For the cook who cuts a finger with a knife, first-aid products are nearby, in the home’s medicine cabinet. But a wounded front-line soldier, miles—and hours—from the nearest aid station, faces the risk that the wound will become infected. Steven Ripp, James Fleming and Tingting Xu, researchers at the UT Knoxville Center for Environmental Biotechnology (CEB), want to equip soldiers—and others who might sustain wounds far from help—with a bandage smart enough to treat infection and also signal for help. At the heart of the device lies the bioluminescent bioreporter integrated circuit (BBIC), a computer chip about half the size of the nail on your pinky. The chip works in tandem with bacteriophages, naturally occurring viruses that feed on bacteria, and a separate (noninfectious) bacterium genetically engineered to emit light.
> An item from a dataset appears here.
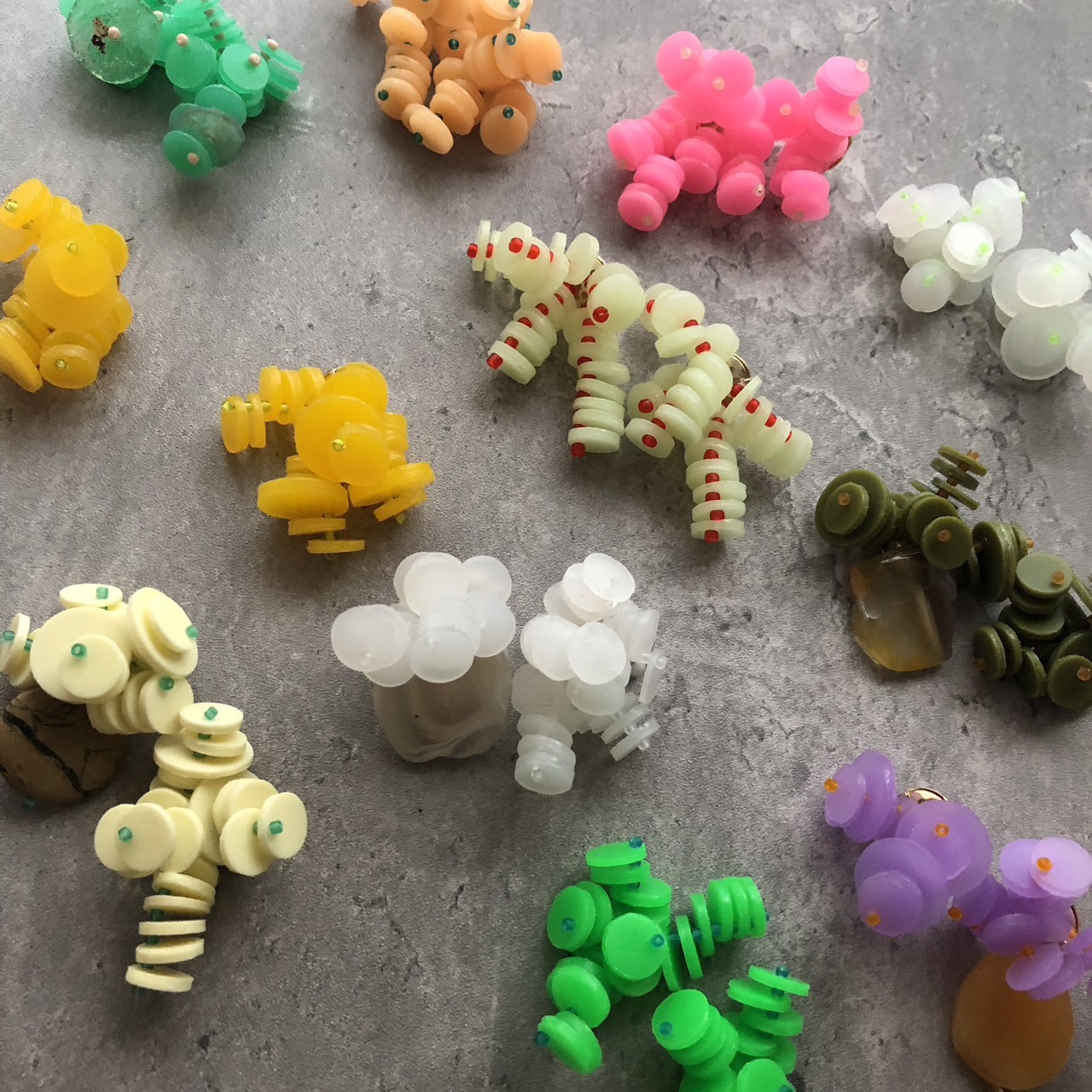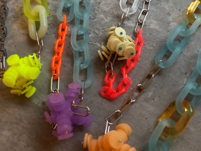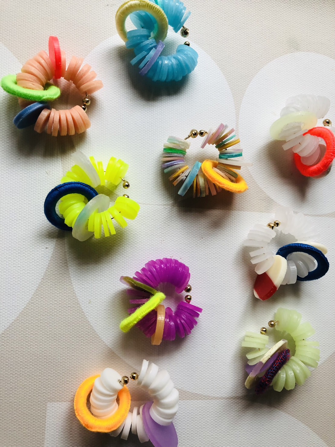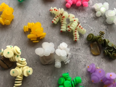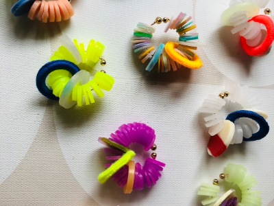 プラスチックを中心に異素材をミックスさせ、縫ったり編んだり遊び心満タンでアクセサリーを製作しています。
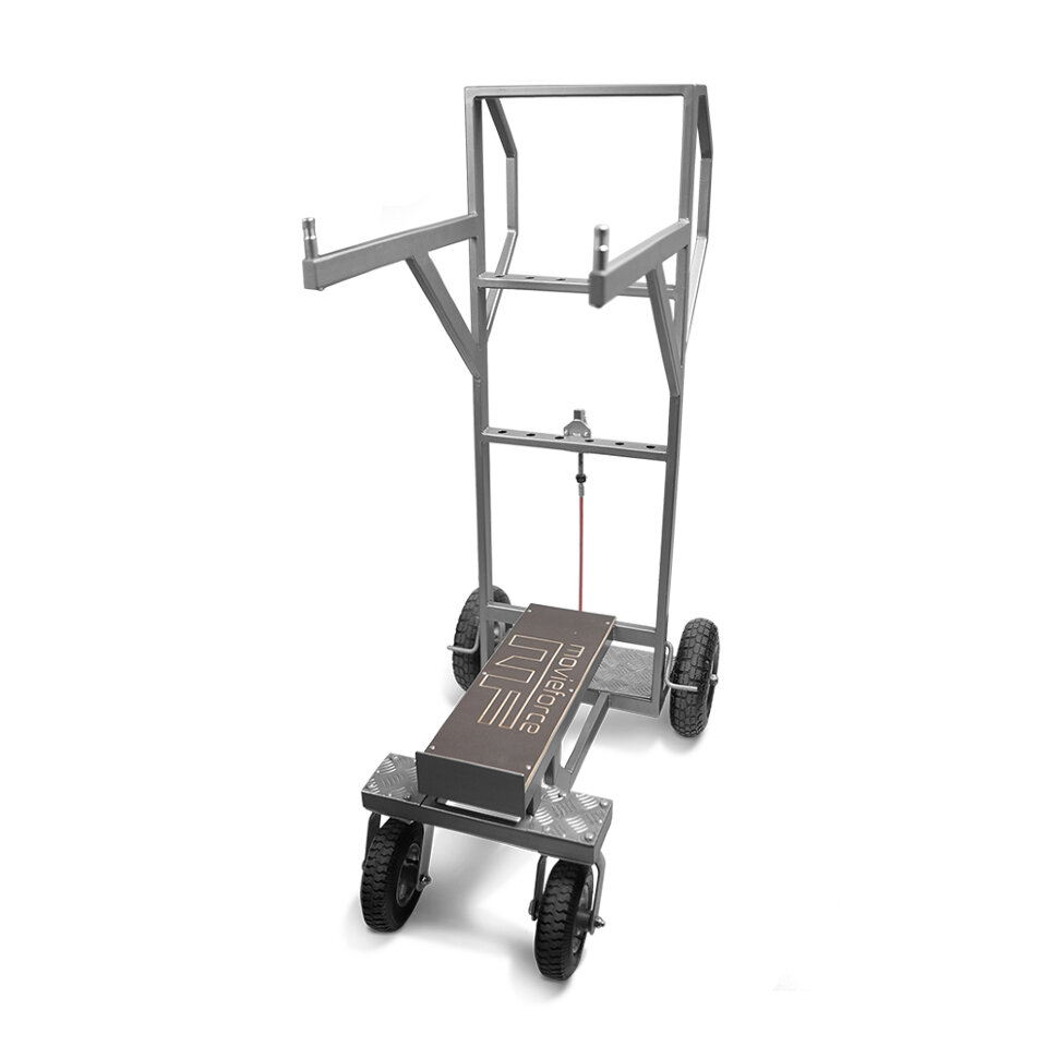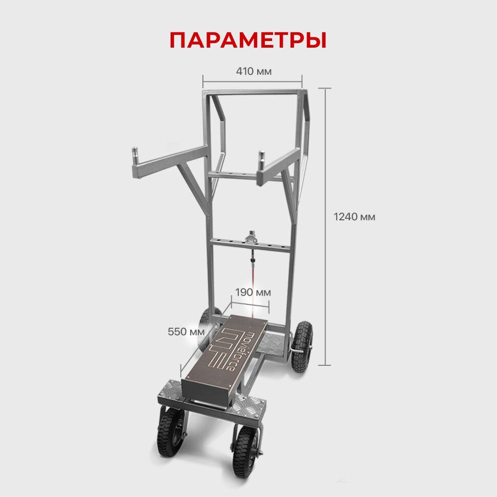 Основные колеса с усиленными подшипниками выдерживают нагрузку до 120 кг каждое, а также оборудованы ручным тормозом. Передние колеса поворотные, для лёгкого перемещения по съёмочной площадке. С задней стороны расположены ручки и ступенька, призванные помочь при движении загруженной тележки |

As the bacteriophages enter the cells of Streptococcus pyogenes (strep), Staphylococcus aureus (staph) or other pathogen that commonly infects wounds, the invaded bacteria release a chemical that, in turn, signals the bioluminescent bacteria to begin to glow. The emitted light serves two functions. First, it signals the BBIC of the presence of infection, and the BBIC responds by emitting electrical pulses that cause benign bacteria woven into the bandage’s fabric to synthesize and release a cascade of pathogen-killing enzymes. Second, the BBIC transmits a signal via radio frequency to a hand-held sensor carried by medical personnel, alerting them to the presence of an infection and identifying the specific pathogen. Because the smart bandage uses enzyme-based antimicrobials—rather than traditional antibiotics like penicillin—there is less risk that the pathogens will develop resistance to the drug. The CEB researchers have tested all of the bandage’s components and expect to have a functioning bandage within two years. UT’s Textiles and Nonwovens Development Center will manufacture the fabric containing the bandage’s active microbes and computer chip.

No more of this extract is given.